Look at the attorneys who have made mistakes with generative AI. They are attorneys who didn’t read the information they received when they used generative AI and submitted briefs, memos, and other documents that were gibberish or unprofessional. Take, for example, Stephen A. Schwartz, a New York lawyer who went to ChatGPT and asked it to write him a brief in response to a motion to dismiss filed against his client. He was writing the answer to the motion on a subject that he really didn’t know much about, because he took a case that he really didn’t know much about, in a practice area he didn’t know much about. As a result, ChatGPT, which also didn’t know much about the area of law, because it is not a lawyer’s website or a research site, came up with a brief with authorities and quotes. It looked good, he thought. But anything with authorities and quotes can look good, even if, as Schwartz later found out, the chatbot completely made up all of the quotes and all of the citations. Then there were the judges who were listed as having written the decisions. They were real judges. But they weren’t real cases. ChatGPT made them up.

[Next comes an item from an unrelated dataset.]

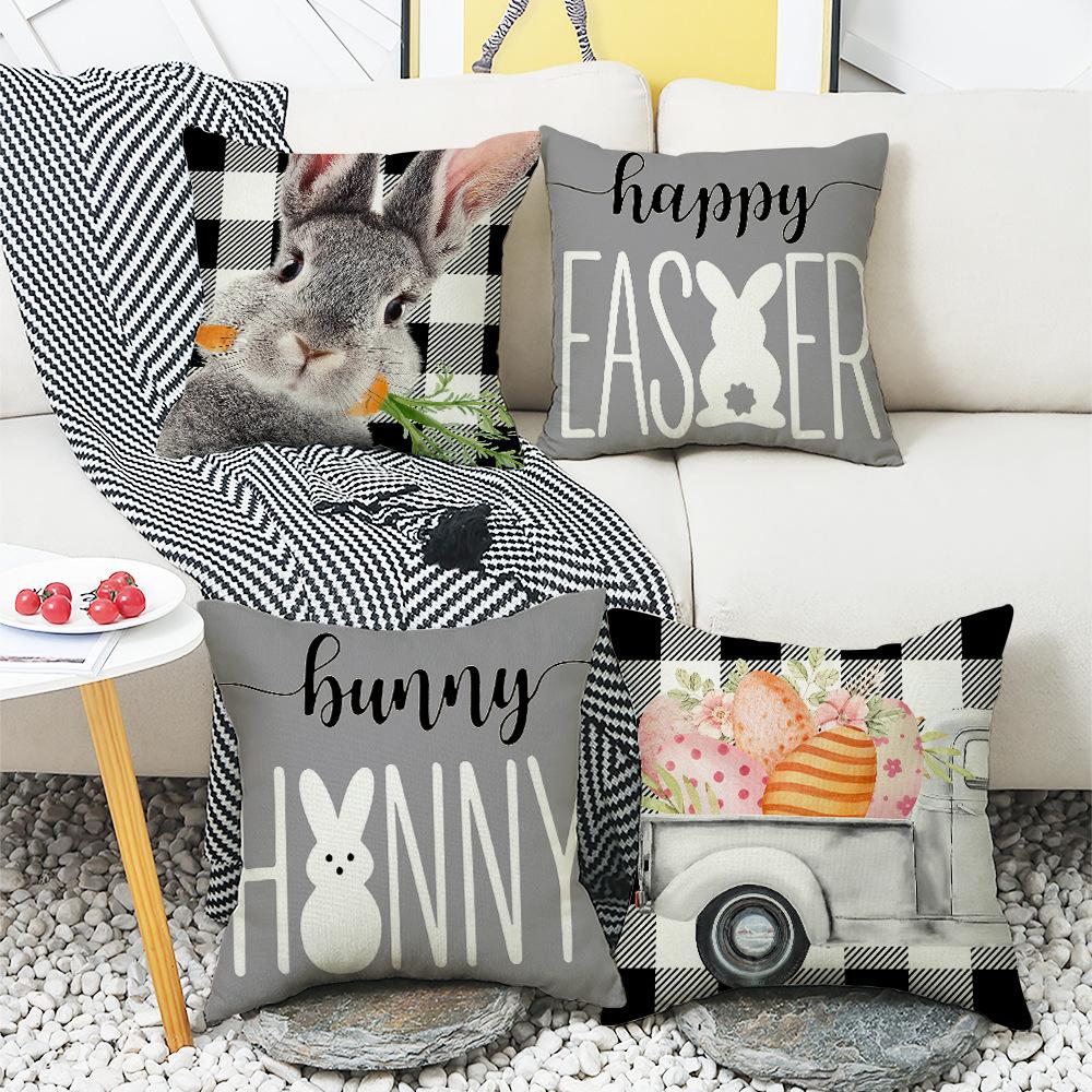 Пасхальная праздничная атмосфера Чехол для подушки с принтом букв и кролика Домашнее украшение Диванная подушка Подушка

When Schwartz submitted his brief to the court and opposing counsel, he was in for a rude awakening. The other attorneys, who weren’t dabbling and regularly practiced in that area of law, knew the area of law. It didn’t take long for them to realize that Schwartz had cited cases that didn’t exist. They immediately brought this information to the attention of the judge. The judge, when confronted with this, asked Schwartz to verify the accuracy of his quotes. He did this by asking ChatGPT if the cases were real. Not a good idea. ChatGPT told him that all of the quotes were accurate. Of course, they weren’t.

When we talk about ethical rules, we talk about all the different permutations of ethical issues that come up. You can fit most of the ethical quandaries that lawyers get into in a few basic Rules of Professional Conduct and go from there. In the end, though, most lawyers who make mistakes either make mistakes because they simply made a mistake, as many of us do, or, as Schwartz did, make mistakes because they take cases that they’re not qualified to take and then write briefs that they don’t know anything about and suddenly find themselves in trouble. In those cases, it comes down not to a new Rule of Professional Conduct but to a narrower issue: competence. It’s all about competence.

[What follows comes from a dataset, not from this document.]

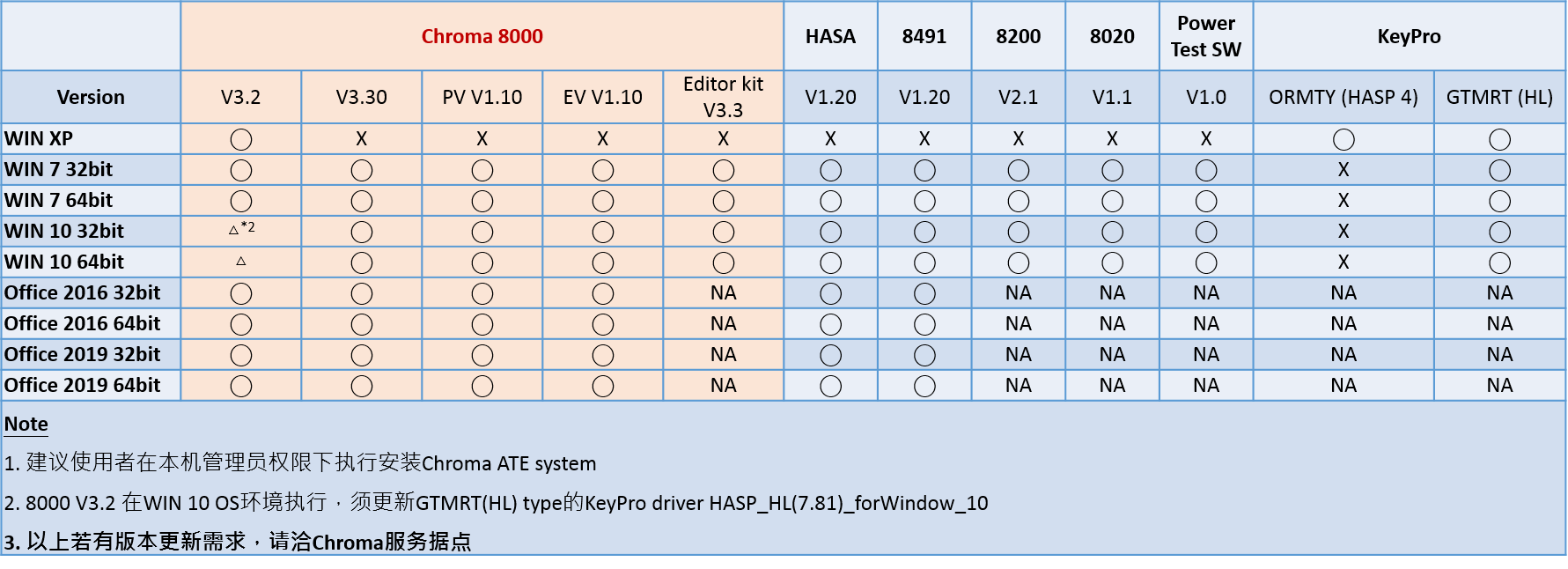 电源自动测试系统软件版本与Windows版本对照表

Model Rule 1.1, the competence rule, provides that lawyers must be competent. I am always amazed that lawyers are supposed to take continuing legal education courses, but they don’t have to take them in the areas in which they practice or may practice. If a criminal law symposium happens to be on the schedule and it’s convenient for someone to go, even if they don’t ever handle a criminal case, they could get a day’s worth of credits just for showing up and reading the paper.

Lawyers need to be competent. Competence requires a basic level of expertise. It doesn’t mean you have to be the best; it doesn’t mean you have to be superb, but you at least have to know what you’re doing.

Recently, I was presenting a seminar on generative AI, and I went to ChatGPT and asked it, “What is a Yellow Freight motion in the context of workers’ compensation law in Pennsylvania?” It replied that it was probably an area of law that involved employees of Yellow Freight, and they were trying to get a result of some kind. That sounds like what my children might have made up when they were younger and didn’t know any better. But lawyers who practice in that area would have laughed at someone who gave that answer, just as the judge to whom they would have given that answer would have really laughed. Then, after that, the lawyer would never have a shred of credibility in that courtroom again.

Credibility is the most important thing you can have as a lawyer. You need it for your clients, you need it for opposing counsel, and most of all, you need it for courts, judges, and other entities that you have appeared before. Once you lose your credibility, you have nothing.

In the end, it all comes down to Model Rule 1.1: competence. After all, if you’re not competent, you’re not taking the right courses, you’re not writing the right briefs, you’re not consulting the right resources, and you’re just being lazy. When you’re lazy, the results show.

It’s competence!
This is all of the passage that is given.